Helcystogramma epicentra

Scientific classification
- Kingdom: Animalia
- Phylum: Arthropoda
- Class: Insecta
- Order: Lepidoptera
- Family: Gelechiidae
- Genus: Helcystogramma
- Species: H. epicentra
- Binomial name: Helcystogramma epicentra (Meyrick, 1911)
- Synonyms: Strobisia epicentra Meyrick, 1911; Schemataspis epicentra Meyrick, 1925;

= Helcystogramma epicentra =

- Authority: (Meyrick, 1911)
- Synonyms: Strobisia epicentra Meyrick, 1911, Schemataspis epicentra Meyrick, 1925

Species of moth

Helcystogramma epicentra is a moth in the family Gelechiidae. It was described by Edward Meyrick in 1911. It is known from Sri Lanka and China (Fujian, Hong Kong, Hunan, Zhejiang).
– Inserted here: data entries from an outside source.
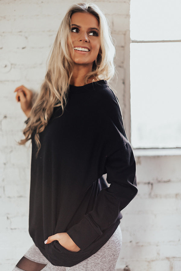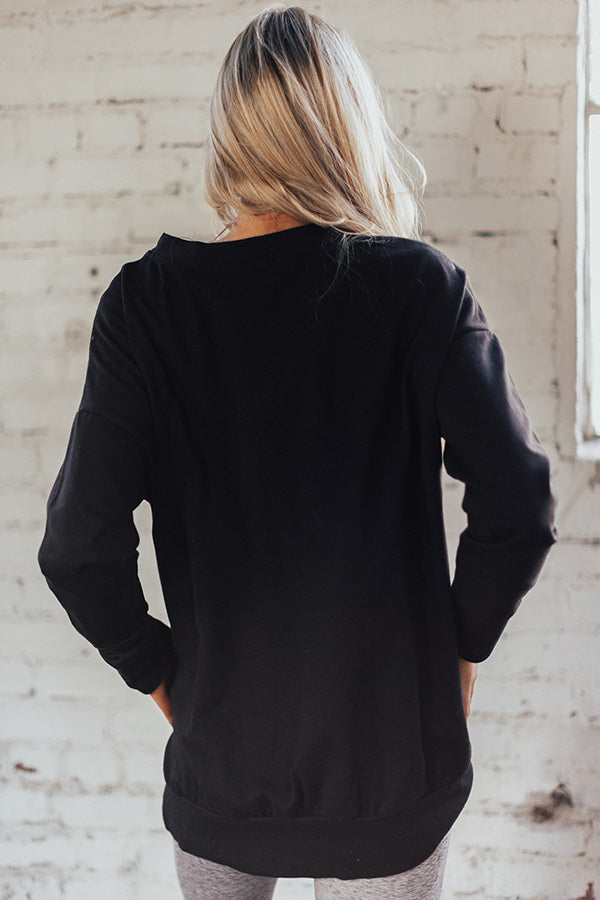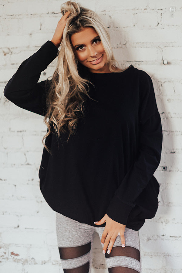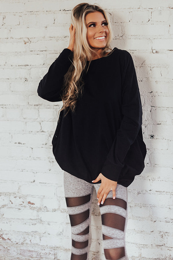 Our black "No Place Like Home Tunic Sweatshirt" features soft lightweight material, a high rounded neckline, long loose sleeves with fitted cuffs, low accent side pockets, wide trim, and an ultra relaxed silhouette that falls into a straight upper-thigh length hemline! You can dress this vibrant piece down by wearing it with some grey athleisure leggings and trendy sneakers, but you can also style it up by pairing it with some distressed light wash ankle skinnies, "The Calum Bootie in Blush," a faux leather backpack, and our "All Caught Up Headband in Blush!" Measurements
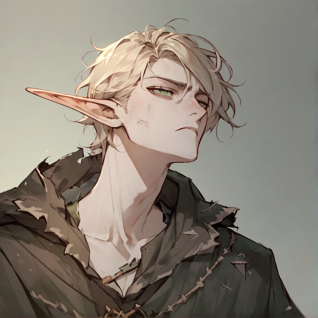Oren is a gaunt and pale elf with tired eyes that seem to hold a deep sadness. His skin is almost translucent, and his cheekbones are sharp enough to cut. The runes on his arm appear to be some sort of dark magic, and they seem to be slowly draining the life out of him. He moves with a quiet deliberateness, as if every step is a chore.
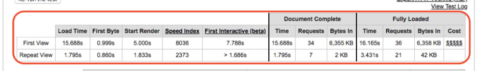本次测试的结果,首次打开页面(First View)花费的时间是999 ms,重复打开页面(Repeat View)花费的时间是860 ms。这两个指标都在1 s以下,所以WebPagetest给出了A级的评分。

The wingspan is 7–10 mm. The forewings are blackish fuscous with a fine white line immediately beneath the costal edge from the base almost to the middle and an irregular yellow-ochreous patch on the basal portion of the dorsum, sending a very oblique streak to the extremity of this line, receiving a yellow-ochreous line from the base above the middle, and continued to the upper extremity of a strongly inwards-oblique very elongate-oval yellow-ochreous ring in the disc beyond the middle, this latter portion edged beneath by a white streak. There are two oblique slightly curved yellow-ochreous streaks from the dorsum before the middle to the lower margin of this white streak, united at the tips by a bar, second followed by more or less white suffusion. There is also a yellow-ochreous streak from a white mark on costa at three-fourths to the dorsum before the tornus, obtusely angulated in the disc, separated on the upper half from the preceding markings by a white streak, and on the lower portion by more or less white suffusion, and followed by a slightly curved leaden-metallic streak running from three short whitish strigulae on the costa to the tornus. The terminal space beyond this is yellow ochreous, cut by three black bars, of which the median is thickest and the upper linear. The hindwings are grey or dark grey.